INPUT DATA >>
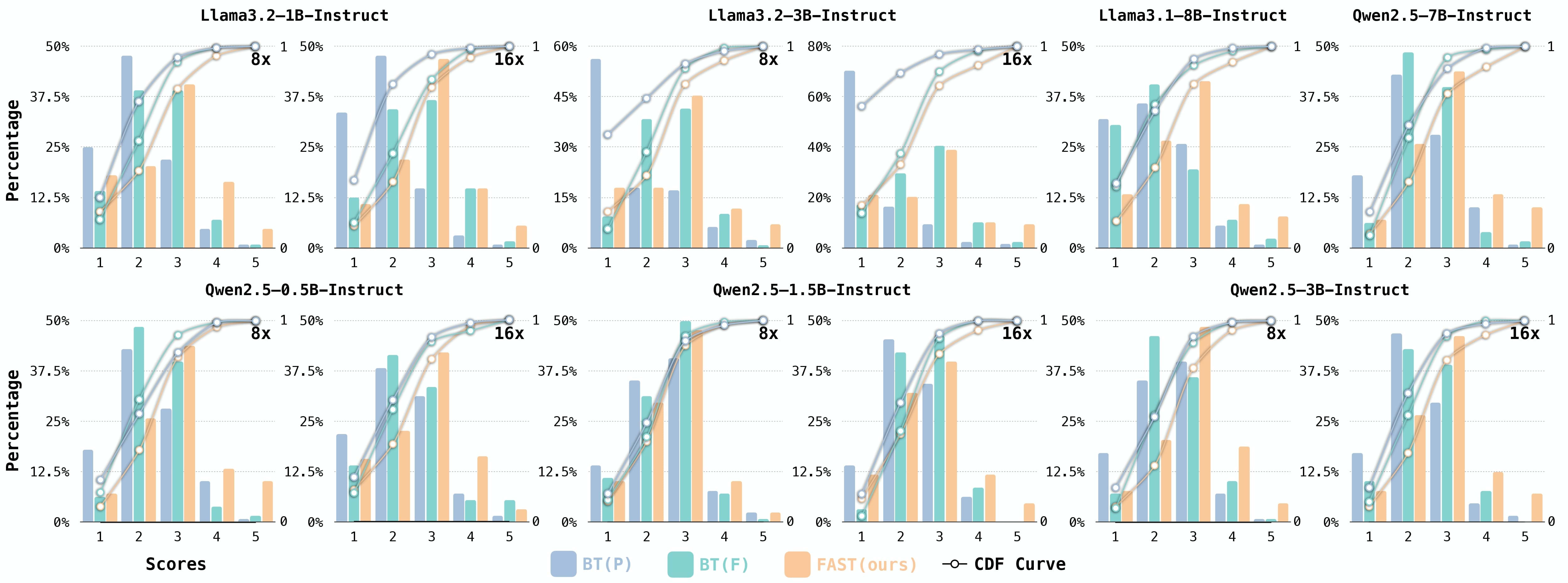 Feature Interpretability 🎯:FAST yields a higher proportion of high-quality features. For Llama3.2-3B-Instruct, 21.1% scored in the top range, compared to 7.0% and 10.2% for BT(P) and BT(F).
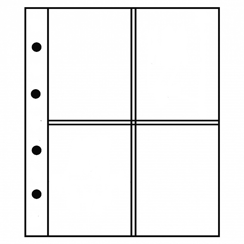 4CT-страница от профессиональной компании Lukos. Карта 4 КТ (прозрачная) позволяет рассмотреть объект с обеих сторон. Рекомендуется для хранения, например, банкнот, кассового аппарата и т. д. Страница разделена на 4 части.
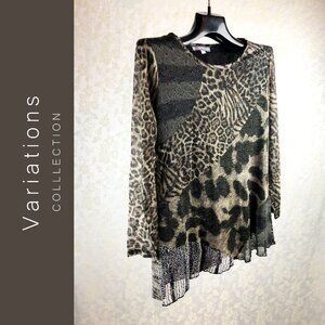 Animal Print brown Multi textured Variations Long sleeve extra long top lined
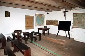 У плані складається з трьох основних приміщень: класу й житла вчителя, які розділені коридором.
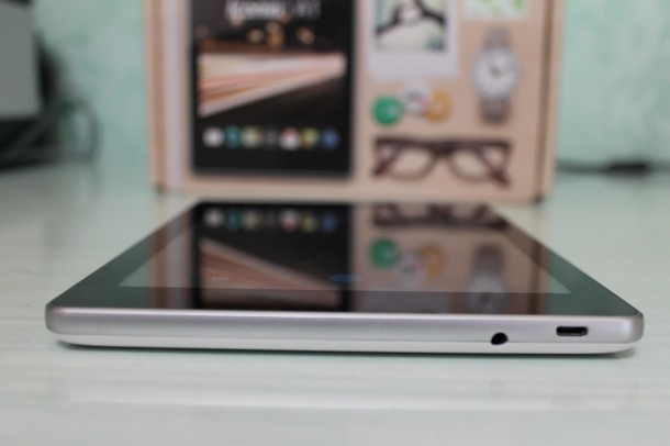 La confezione comprende il Tablet (ovviamente), cavo USB micro USB per la ricarica della batteria e la sincronizzazione con il PC, manuali vari ed adattatore da parete per la ricarica.
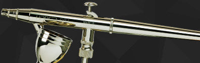 All Topline instruments are equipped with an adjustable paint volume control and a self-centring and self-sealing plug-on nozzlesystem that enables simple conversion to other nozzle sizes (0.2 / 0.3 / 0.4 mm). All Topline models are completely chrome plated.
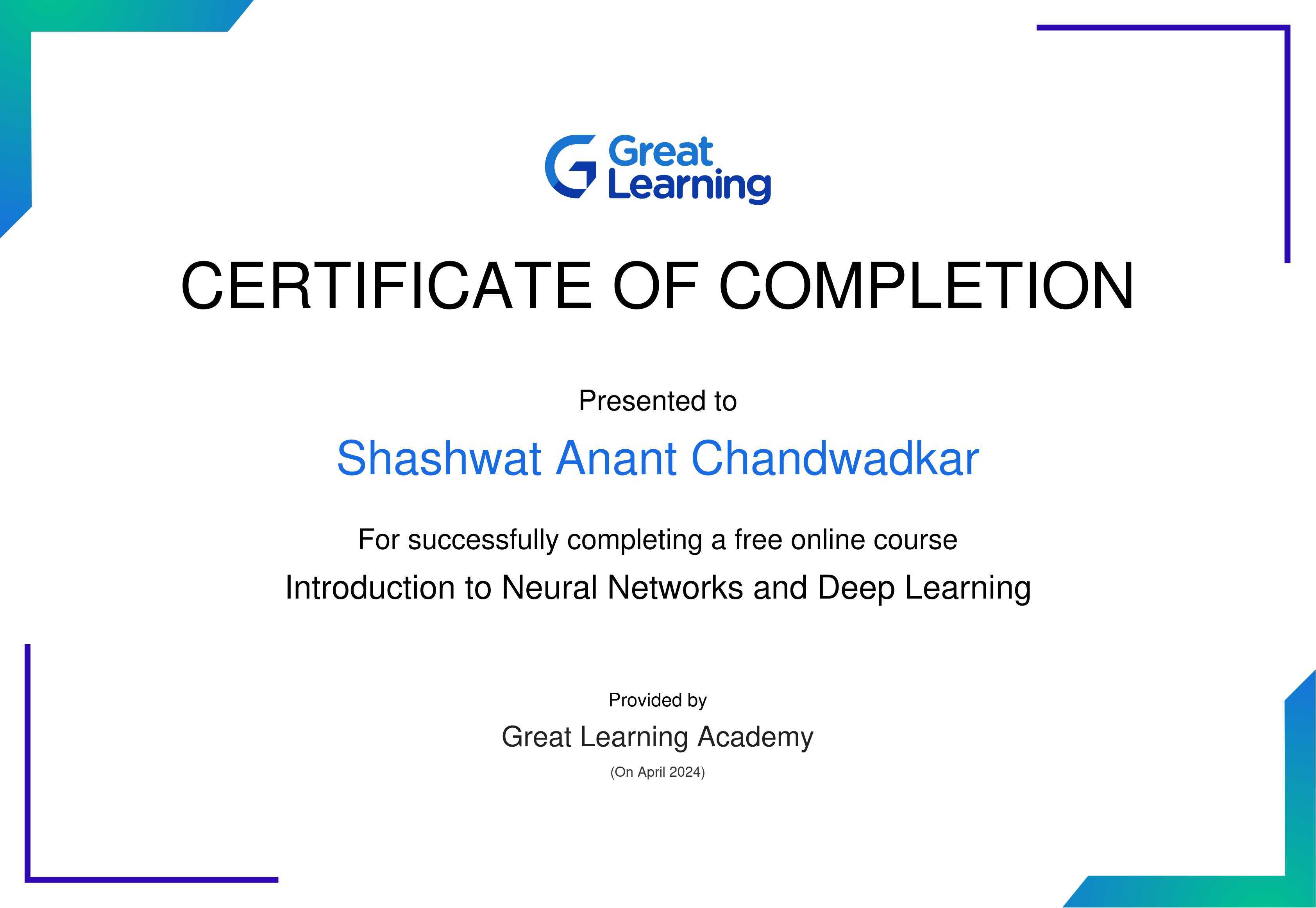 The certificate above verifies that Shashwat Anant Chandwadkar has successfully completed the course Introduction to Neural Networks and Deep Learning
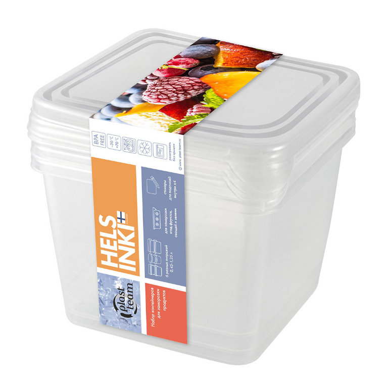 Набор контейнеров для заморозки продуктов Plast Team "Frozen",3 шт x 0,75л,115х115х110мм
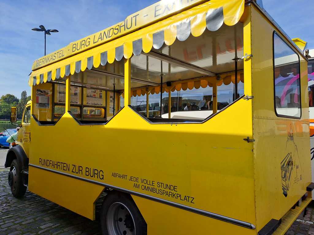 Fritz fand heraus, das es bequemer ist, den "knallgelben" Burg Landshut Express zu nutzen. Er bringt schnell und zuverlässig vor die Pforten der Burg Landshut, welche hoch über Bernkastel thront.
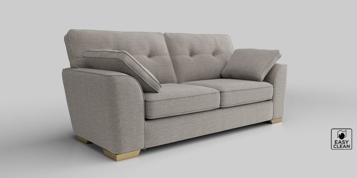6.12.1 Buy Stamford Buttoned Back 3 Seater Sofa Fine Chenille Easy Clean Light Steel Grey Large Square Angle - Brushed Brass from the Next UK online shop Click here to use our accessible website
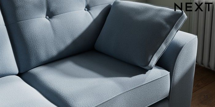 7.2.10 Stamford Buttoned Back 2 Seater Sofa Relaxed Linen Look Mid Blue Large Square Angle - Mid | Made Click here to use our website with more accessibility support, for example screen readers
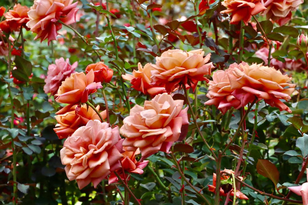 濃茶色のバラは、開花とともに紫色に変化します。花の色は季節によって微妙に変化、特に秋の花色は美しく心地よい香りも。この渋く落ち着いた花色から「禅」と命名されたそうな。
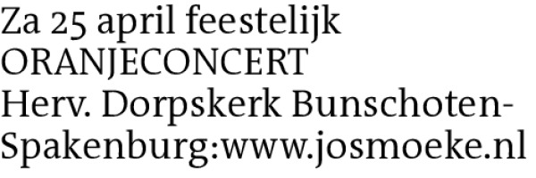 Za 25 april feestelijk ORANJECONCERTHerv. Dorpskerk Bunschoten-Spakenburg:www.josmoeke.nl
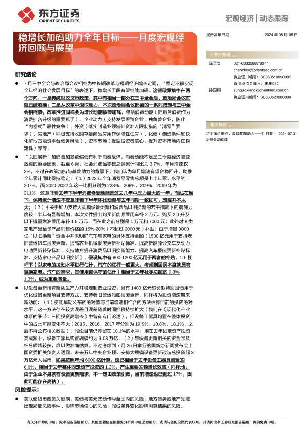 【东方证券】【20240805】月度宏观经济回顾与展望:稳增长加码助力全年目标-10页
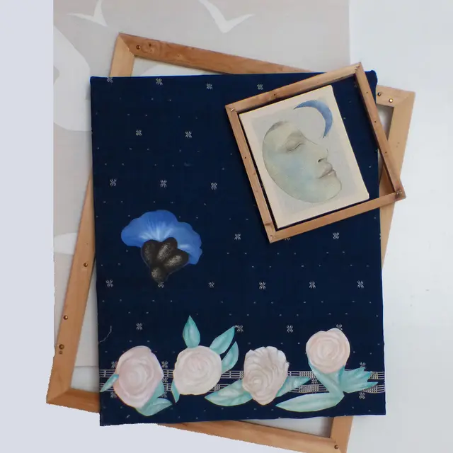 Patricia Roussel présente quelques toiles sur un thème central dans son œuvre : " l'intérieur et l'extérieur", "le dedans, le dehors".
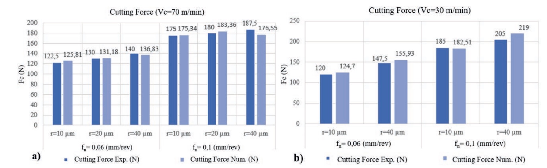 Figure 3. Experimental and numerically obtained cutting forces (Fc) for the 10 conditions considered for model validation. a) Cutting force for cutting speed Vc = 70 m/
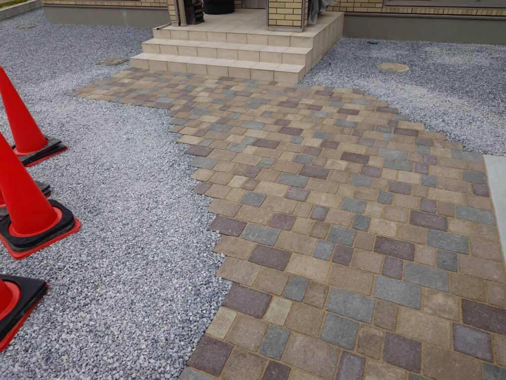 ↓インターロッキングのアプローチ、当初の計画より少しだけ拡張しました。
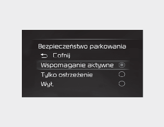 Po włączeniu zapłonu przyciskiem ENGINE START/STOP (włączenie/wyłączenie silnika) zaznaczyć lub usunąć zaznaczenie opcji „Driver Assistance (Wspomaganie kierowcy) → Parking Safety (Bezpieczeństwo podczas parkowania)” w menu ustawień, aby wybrać funkcje, które mają działać.
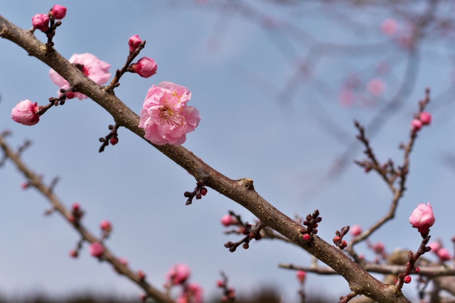 JUGEMテーマ:大分県豊後大野市 JUGEMテーマ:豊後大野市大野町 昨日の天気予報では一日曇りと報じられていましたが、清川町から緒方町へと移動して原尻の滝に着いたお昼前には少しだけ青空が広がりました。 この時とばかりに原尻の滝駐車場で紅梅を撮影、まだ蕾が多くてこれからが本番の紅梅でした。 うっすらと日が差す日中でしたが暖かい一日でしたねぇ、私は普段より2枚ほど薄着にしましたが全く寒さを感じませんでした。 そして今年初めて「ほととぎす」の鳴き声を聞きました、鳴き方はまだ練習不足のようでしたが(...
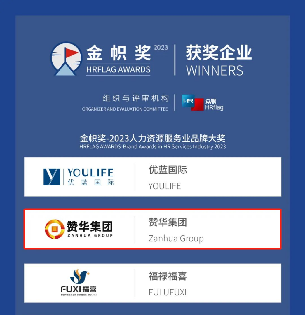 获得此项荣誉,充分肯定了在人力资源服务行业多年的辛勤耕耘、专业的能力和领先的品牌地位。这份荣誉离不开赞华家人们的努力与付出,也离不开我们客户的肯定、信任与支持。赞华深知每一次荣誉的获得,不只是对过往成绩的总结与肯定,更是对今后奋斗方向的指引和驱动。

DIRECTIONS >> Transcribe the listing above exactly, but only from the line with "4CT-страница от профессиональной" through the line with "Animal Print brown". Include both of those lines and omit the pictures.

TASK SOLUTION >>
 4CT-страница от профессиональной компании Lukos. Карта 4 КТ (прозрачная) позволяет рассмотреть объект с обеих сторон. Рекомендуется для хранения, например, банкнот, кассового аппарата и т. д. Страница разделена на 4 части.
 Animal Print brown Multi textured Variations Long sleeve extra long top lined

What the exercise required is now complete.